September 12, 2003
Economists Predict GDP Growth Will Be Fastest Since Late
1999
The U.S. economy in the second half of this year is expected to grow at
its strongest pace in almost four years, the Wall Street Journal
reported. The nation's gross domestic product is expected to grow at a
seasonally adjusted annual rate of 4.7 percent during the current
quarter and 4.0 percent in the fourth quarter, according to a monthly
survey of 53 economists conducted by The Wall Street Journal
Online. The growth rates taken together would be the fastest since
the economy expanded at an annual pace of more than 6 percent in the
second half of 1999. And those projected quarterly growth rates mark a
sharp upward revision from August estimates of 3.6 percent and 3.8
percent respectively, reported the newspaper.

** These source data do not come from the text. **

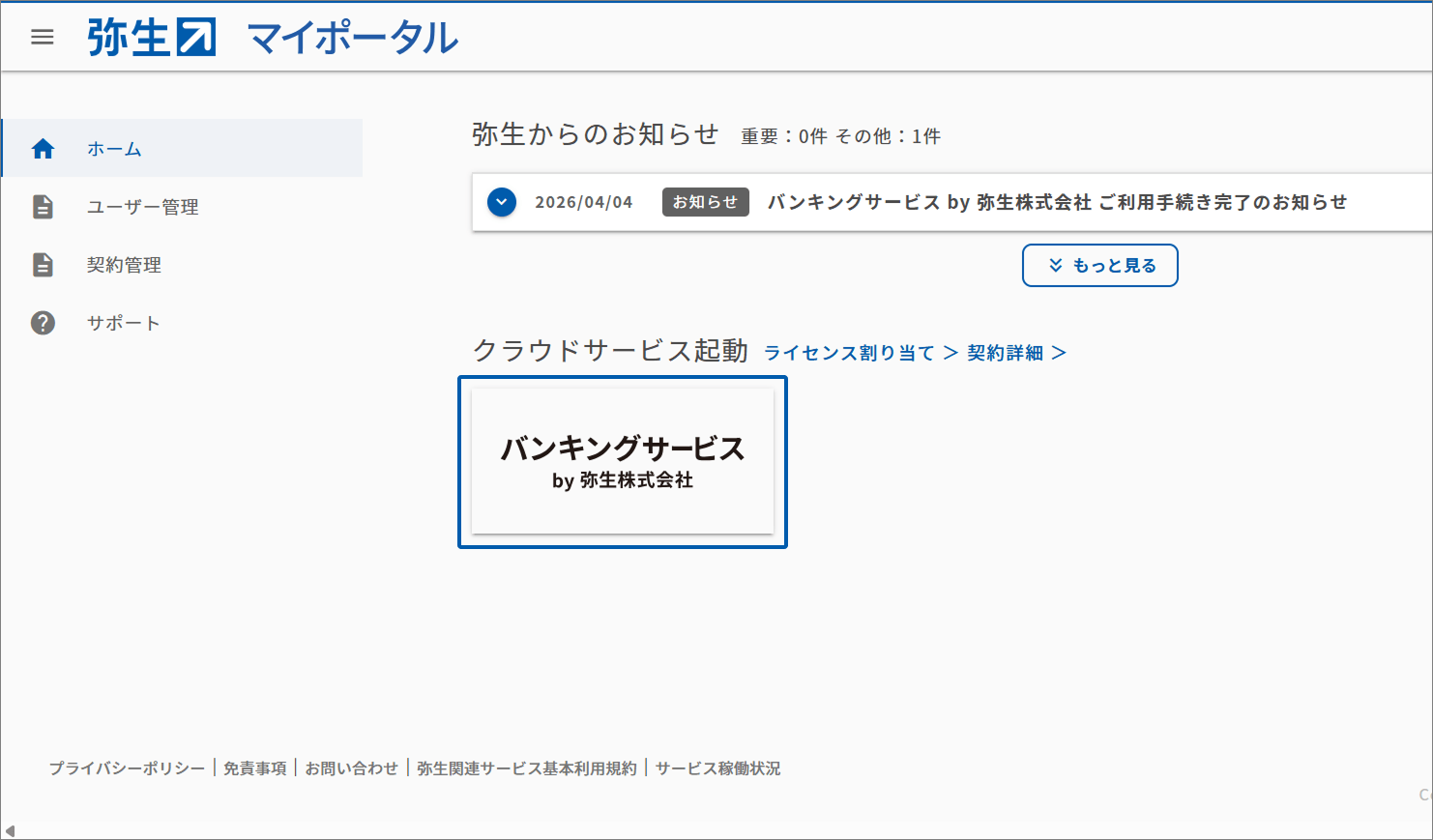 マイポータルの「クラウドサービス起動」から「バンキングサービス by 弥生株式」をクリックします。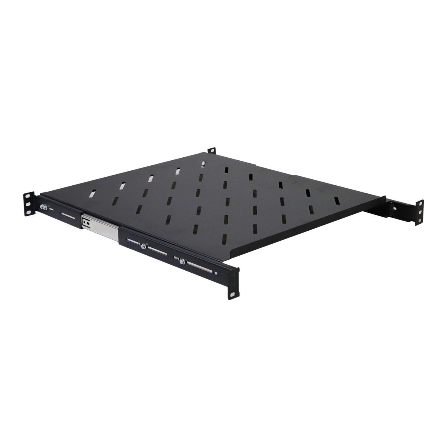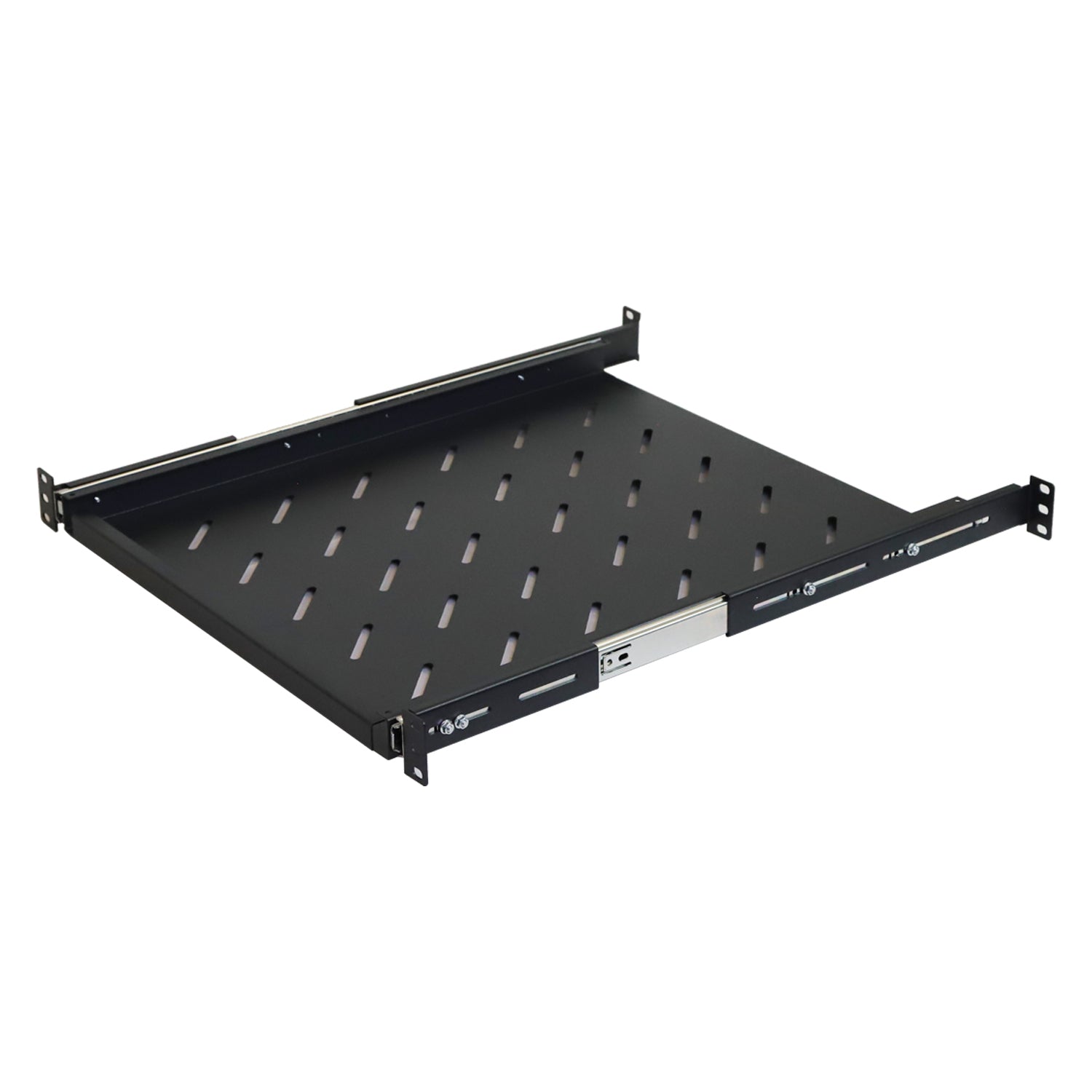 - Premium quality sliding shelf extends and allows easy access to the rear side of device. Slotted vent design provides good ventilation to keep devices cool.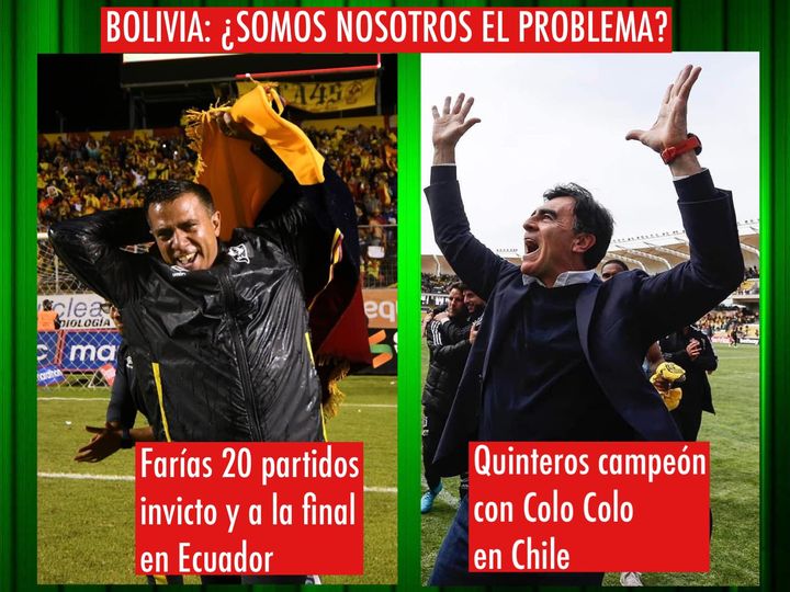 ¿Somos nosotros el problema? Dos ex técnicos de la selección boliviana triunfan en otros países: Farías es finalista invicto en Ecuador y Quinteros es campeón en Chile.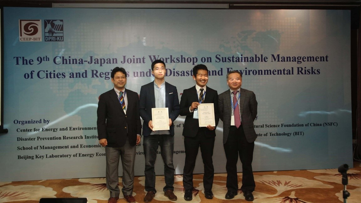 During this workshop, Ph. D. students of CEEP (Center for Energy and Environmental Policy Research, Beijing Institute of Technology) named Zhang Kun, Zhou Huiling, Kang Jianing and Chen Jingming were awarded “Young Scientist Presentation Award”, together with other 4 students from Kyoto University. Especially, Zhang Kun won the Gold prize, Zhou Huiling and Chen Jingming won the Silver prize, Kang Jianing won the prize of best presentation for poster.

Divisions Forming On Pension Rate Fix
Proposals to change the rate that companies use to calculate the
contributions they must make to their pension plans are expected to be
addressed in both chambers in the next few weeks, as a debate emerges
over what the rate should be and how long it should stay in place,
CongressDaily reported. Lawmakers are all but certain to put off
major overhauls of pension rules until next year, leaving the rate as
the major outstanding pension policy question for this year. Current law
requires companies with defined-benefit pension plans to use the 30-year
Treasury rate in calculating pension plan contributions. After the
government stopped offering 30-year Treasury bonds in 2001, rates
dropped, and Congress adopted a temporary fix that expires at the end of
the year.
Without action this year, companies again will have to use the 30-year
Treasury rate, which will force them to artificially inflate payments,
diverting resources that they say could be used to expand their
businesses and hire more workers. Businesses favor moving to a higher
corporate bond rate for as long as possible, a change that in most cases
will lower the payments they make to their pension plans. Many lawmakers
agree on temporarily moving to a corporate rate, but differ over the
details, including how long the rate would stay in place and how to
permanently replace it, reported the newswire.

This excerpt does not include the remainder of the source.